Thursday, 4 August 2011

Recipes - Veggie-ful Soup

Want a great, hearty, veggie packed soup for the whole family?  Look no further!  A great way to pack more veggies into your kids diet and a healthy lunch option for the whole family.  Freeze leftovers for up to three months and reheat for a quick dinner.

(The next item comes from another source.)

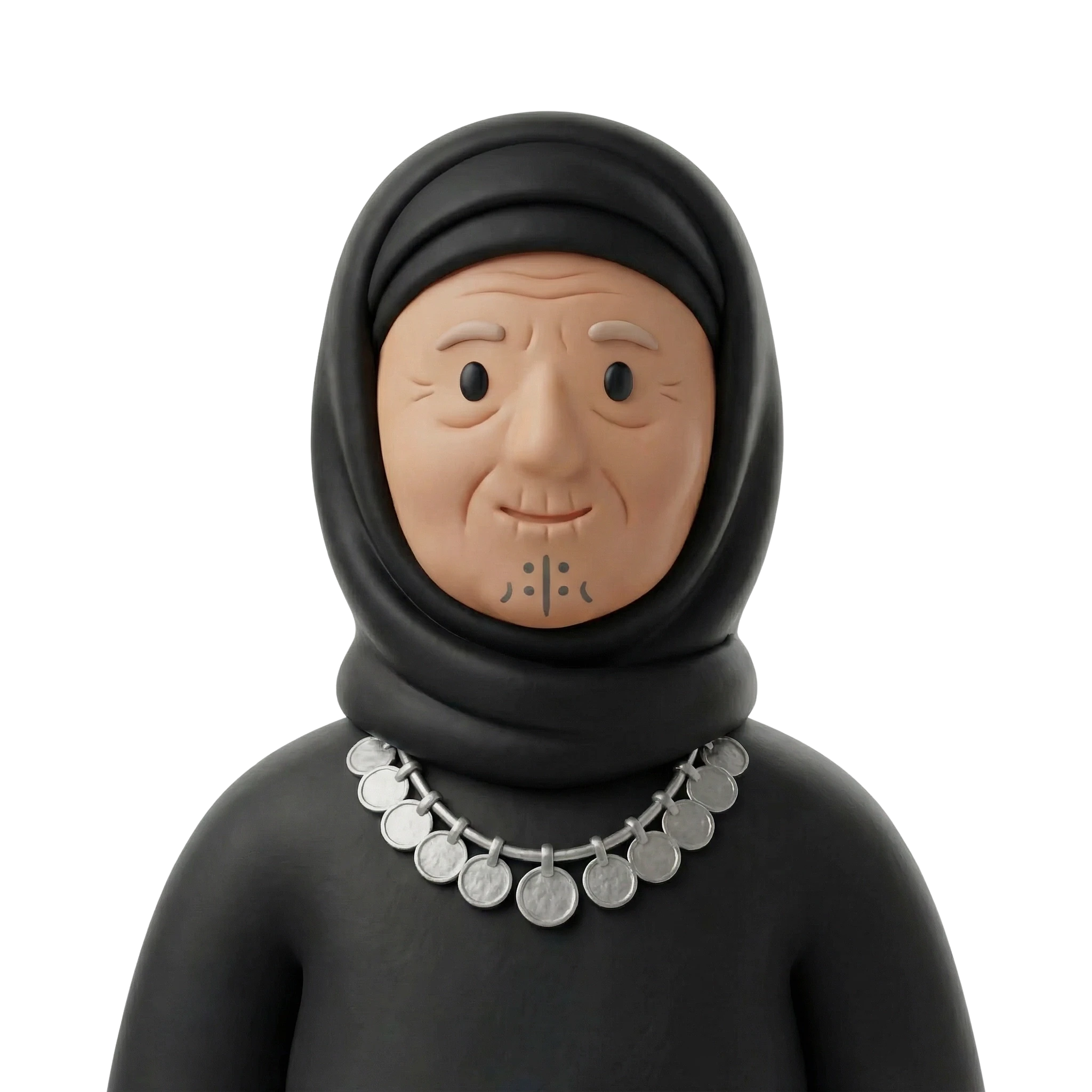 A wise Bedouin grandmother adorned in traditional Levantine attire, featuring facial tattoos and a silver coin necklace—symbolizing heritage, wisdom, and storytelling passed through generations.

2 x cloves garlic, finely chopped
2 x brown onions, finely chopped
2 x carrots, finely chopped
2 x zucchini, finely chopped
4 x celery stalks, finely chopped
1 x leek, finely chopped
1/2 butternut pumpkin, peeled and chopped
1 x small sweet potato, peeled and chopped
2-3 potatoes, peeled and chopped
1 x parsnip, peeled and chopped
1/2 cabbage, chopped
1 x broccoli, cut into florets
1/2 cauliflower, cut into florets
2 tbs tomato paste
1 tsp sugar
2 x 400g tin tomatoes
1 x 400g tin chickpeas
1 x 400g tin lentils
1 x 400g tin red kidney beans
1 x 400g tin butter beans/white beans
200g short pasta, eg. shells, spirals, elbows etc
vegetable stock and water (amount varies)
salt and pepper to season

Step 1 - Heat oil on medium heat in a very large pot (approx. 10 L).  Add garlic, onion, carrot, zucchini, celery and leek and fry until veggies are soft, this can take up to ten minutes.  Add tomato paste and sugar and fry off for 2-3 minutes.
Step 2 - Reduce heat and add tin tomatoes, potato, pumpkin, sweet potato, parsnip cabbage, broccoli and cauliflower.  Add a few cups of stock and water, until the liquid is almost covering all the vegetables.  Put the lid on and slowly simmer for 4-6 hours, stirring periodically.
Step 3 - With about half an hour to go, add chickpeas, lentils, beans and pasta.  You may need to add a little more water at this stage to help the pasta cook through. 
Step 4 - Serve with a sprinkling of parmesan cheese or a few pieces of gbejniet, a lemon cheek and some fresh sourdough or pane di casa. 

1 comment:

  1. Wow ..... I'm sitting here with a full stomach, and that pic is making my mouth water! It looks so inviting.